YOUR ASSIGNMENT:
Return each line exactly, from the one that has "Image: Close-up of" through the end of the entries, both ends included. Pictures do not belong.

(Source data)
⟨
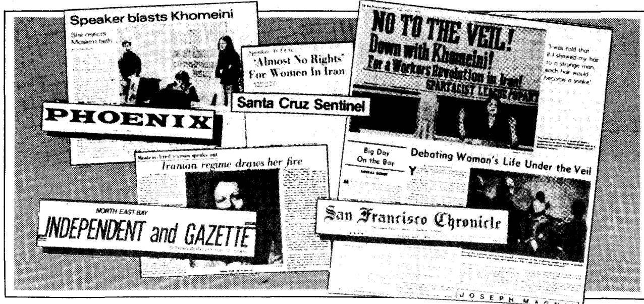
US press coverage of Fatima Khalil tour highlighted SL's unique Trotskyist line on Iran.

"The Koran says if you show your finger to a strange man, you have to cut it off. Because
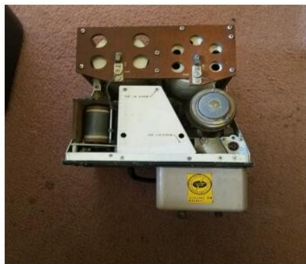
Remote Antenna Tuner

I purchased this to make a remote antenna tuner. There is a vacuum variable capacitor with a motor and a ribbon inductor with the motor. The unit is complete. Asking Price: $125.00
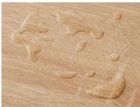
Image: Close-up of water droplets on the cabinet's wood surface, demonstrating its water-resistant properties. Prompt cleaning of spills is still recommended.
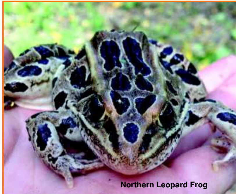
Northern Leopard Frog
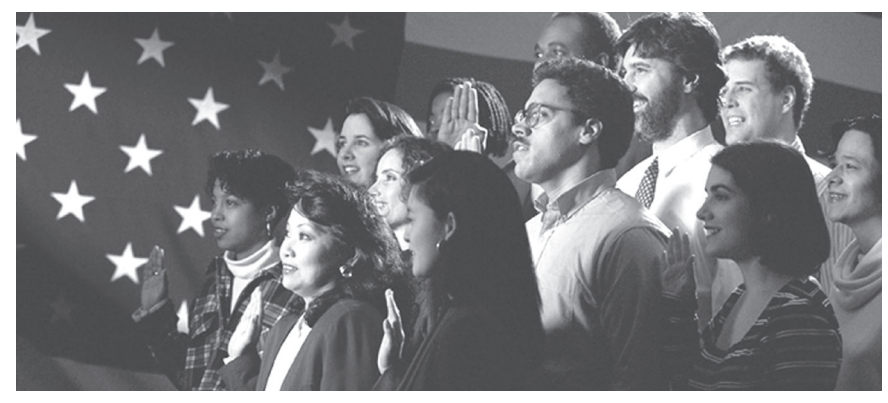
Updated April 2012

This brochure contains general guidelines. In your particular district, procedures might be somewhat different. The judge or jury service personnel at your court will explain any changes in procedures.
⟩
EXERCISE RESULT:
Image: Close-up of water droplets on the cabinet's wood surface, demonstrating its water-resistant properties. Prompt cleaning of spills is still recommended.
Northern Leopard Frog
Updated April 2012

This brochure contains general guidelines. In your particular district, procedures might be somewhat different. The judge or jury service personnel at your court will explain any changes in procedures.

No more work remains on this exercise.